Планы Жука переселиться в Киев, в которых было обещано ему Павлом Тычиной содействие, не осуществились. Не был издан (и не издан доселе) литературный труд преподавателя Черниговской семинарии, в чем также Павел Григорьевич обещал содействие. Он даже думал что-то написать в качестве то ли предисловия, то ли послесловия. Но что-то очень краткое. Опять же по причине огромной занятости. Сегодня, похоже, есть у нас определенность в отношении тех дел, которыми был занят государственный муж.

Депутат-лауреат Павел Григорьевич Тычина мало кому интересен. Певец коллективизации и индустриализации, придворный поэт нескольких советстких режимов, автор стихотворений, по которым калечили литературный вкус учеников средних школ, объект бесчисленных шуток и эпиграмм-пародий ("в поли трактор дыр-дыр-дыр, я в колгоспи брыгадыр") остался в истории.
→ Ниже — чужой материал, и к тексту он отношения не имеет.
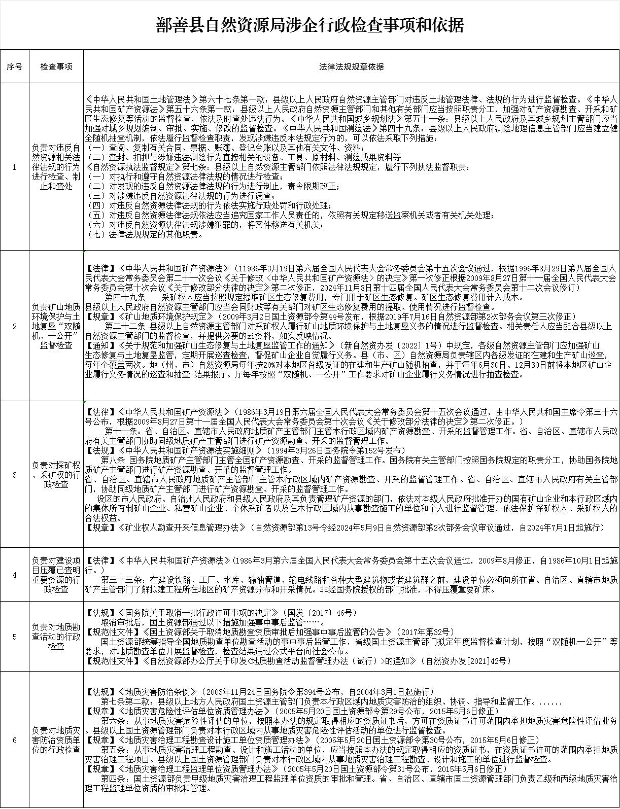 鄯善縣自然資源局涉企行政檢查事項和依據

Но об этой истории (вместе с поэтом) все стараются забыть как можно скорее. Если о Маяковском все знали, что он покончил с собой дважды, в первый раз – наступив на горло собственной песне, а второй раз – разрядив в себя револьвер, то о Тычине почти никто этого сказать не мог. Но помню: пожилой преподаватель украинской литературы, обладатель легендарного имени-отчества (Владимир Ильич), однажды, когда я, восьмиклассник, не мог без смеха продекламировать до конца знаменитую "Песню трактористки" ("Ой, артиль моя, Трояндо, маркизет-мадаполам, вышывала я узоры з трывогою пополам"), во время перемены сказал мне с горечью, что смеяться не над чем, что Тычина был прекрасным поэтом, но... И только рукой махнул. Позже довелось мне прочитать первую книгу Павла Тычины – "Солнечные кларнеты". И вот теперь, сохраненные Михаилом Жуком и найденные Сергеем Лущиком стихи – "Панихидные песнопения" подтверждают: Тычина был (или – мог быть?) прекрасным поэтом. Да, он из тех, кто наступил на горло собственной песне. Мы даже можем теперь сказать, какой именно была загубленная песня. Для раннего Тычины характерны чистая, искренняя лирическая интонация, звукопись, свободная ритмика, прекрасное знание церковной лексики (все же семинарист!) и чувство природы, как храма, гармоничного и прекрасного...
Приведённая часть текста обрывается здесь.